Patrick Cronin (Director, Institute of National Strategic Studies): The three D’s, that’s short hand for a whole of government approach that combines defense, the security element, it involves diplomacy, that’s your foreign policy, and development, that’s your economic program. If you don’t have a whole government approach toward stabilizing a war torn country then its going to be very hard to succeed in the long term.

“Afghanistan has been known over the years as the graveyard of empires. We cannot take that history lightly.” —General David Petraeus

Clare Lockhart (Executive Director, Institute of State Effectiveness): In a space of two days we’re trying to cram a policy debate that would have happened over a year, or two years, in normal circumstances, or in ideal circumstances, but actually such is the enormity of the challenge of the moment is that senior policies are going to have to make.

Mike Waltz: We’re working on a time line that the insurgents and the Taliban and their allies are trying to drive and accelerate, wear the west down, and wear the Afghan government down and essentially out last us.

Vikram Singh, Senior Fellow (Center for New American Security): Afghanistan is probably at its tipping point today. It’s likely that by the end of the year we may have lost the battle for Afghanistan. We certainly won’t have won it, but we may have lost it.

“It’s going to be a long, difficult struggle. In my view, its going to be much tougher than Iraq.” —Richard Holbrooke, U.S. Special Envoy to Pakistan and Afghanistan

J Alexander Thier (Senior Rule of Law Adviser, United States Institutes for Peace): We haven’t had the diplomacy on the ground in order to be able to tackle the challenges, particularly the challenges between Afghanistan and its neighbors.

Karin von Hippel (Co-Director, CSIS Post-Conflict Reconstruction Project): Simulations are really important because on the civilian side we do not plan enough in advance. We don’t test different scenarios out as much as we should. So we really need to improve our ability to anticipate, plan for, and really manage these types of operations and we’re so far from where we should be.

Eythan Sontag (Foreign Affairs Officer, Office of the Coordinator for Reconstruction and Stabilization): Perhaps now with a new administration we’ll be able to reprioritize the civilian efforts to focus on things like governance, rule of law, and economic and social development.
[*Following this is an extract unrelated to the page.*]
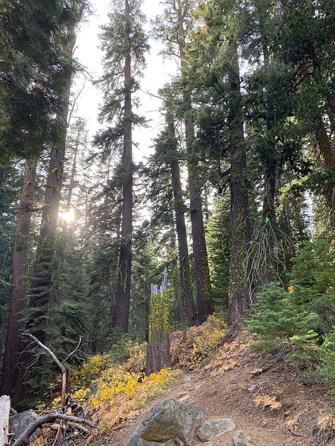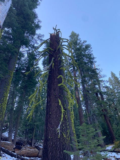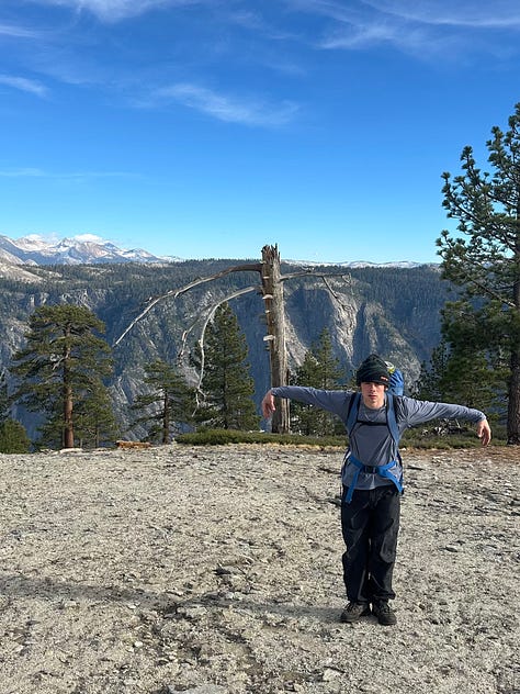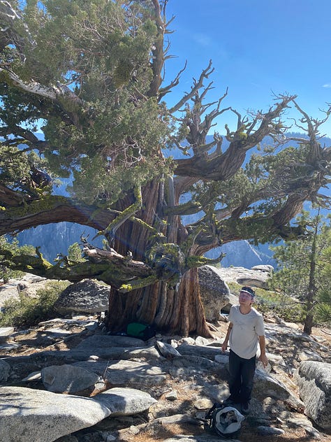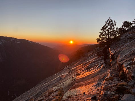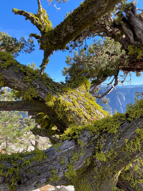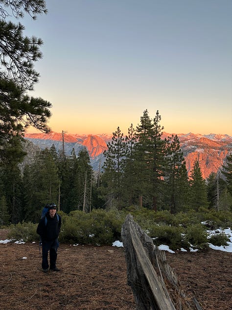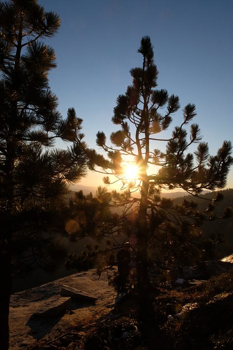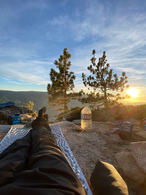 The experience of rappelling in from the top of El Cap is also pretty exceptional. I’m glad we had a ground-up day first, but being up on the headwall—essentially cragging—is really cool. Most of the upper pitches would be classic single pitches on the ground. We would usually spend the morning working out two or three pitches before the sun came around, then jumar back out and hang out on top for the rest of the day. Spending time on the summit has brought some of my favourite moments from the trip; the landscape up there is truly magical. Although the valley floor can seem a bit like a show at times, up top, you're far removed and set in some of the best scenery I’ve seen. I loved the 30-minute hike to the spring to collect water, where we would walk past all the gnarled trees, weathered by wind and lightning strikes, then through a mossy forest dappled in pink evening light.

Clare Lockhart (Executive Director, Institute of State Effectiveness): Most Afghans just want ordinary lives and we need to find as many mechanisms to make sure that we deliver on that. They want good governance, law, order, justice and we haven’t yet put enough focus on how to make those institutions work.
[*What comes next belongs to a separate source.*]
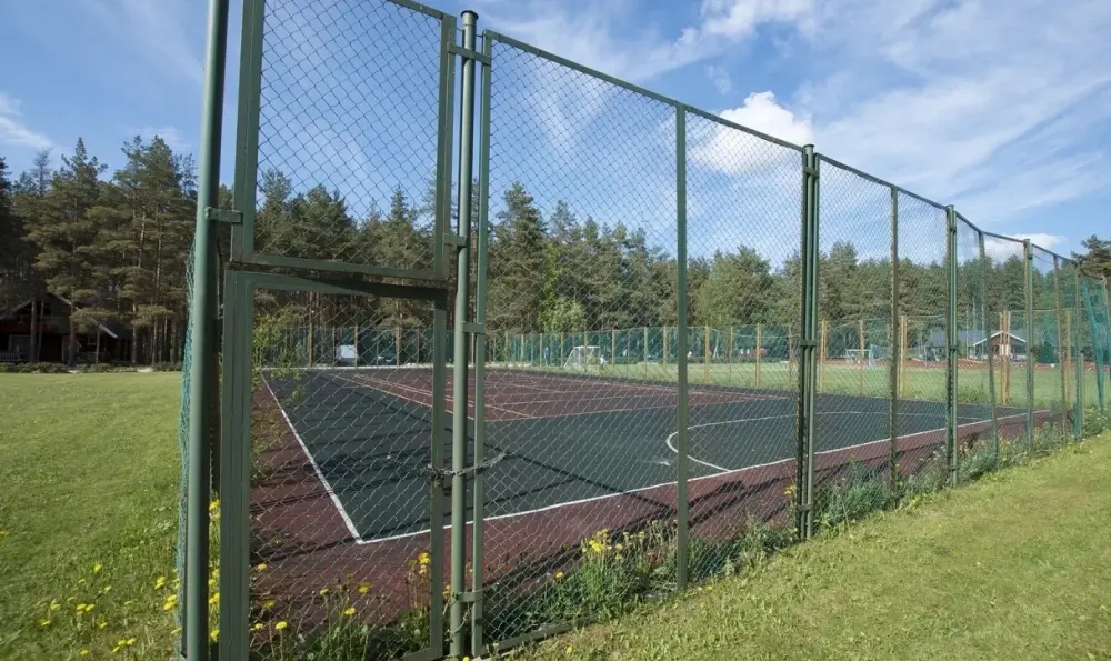Волейбольная площадка, баскетбольные кольца, настольный теннис, детская площадка.

Dr. Reuben Brigety (Director, Sustainable Security Program Center for American Progress): The purpose of this simulation is to help us to understand what fundamental improvements we might get if were able to do things differently in Afghanistan. And I think we’ve been able to do that with a fantastic group of experts that will help us to see things much more clearly to change our policies in Afghanistan.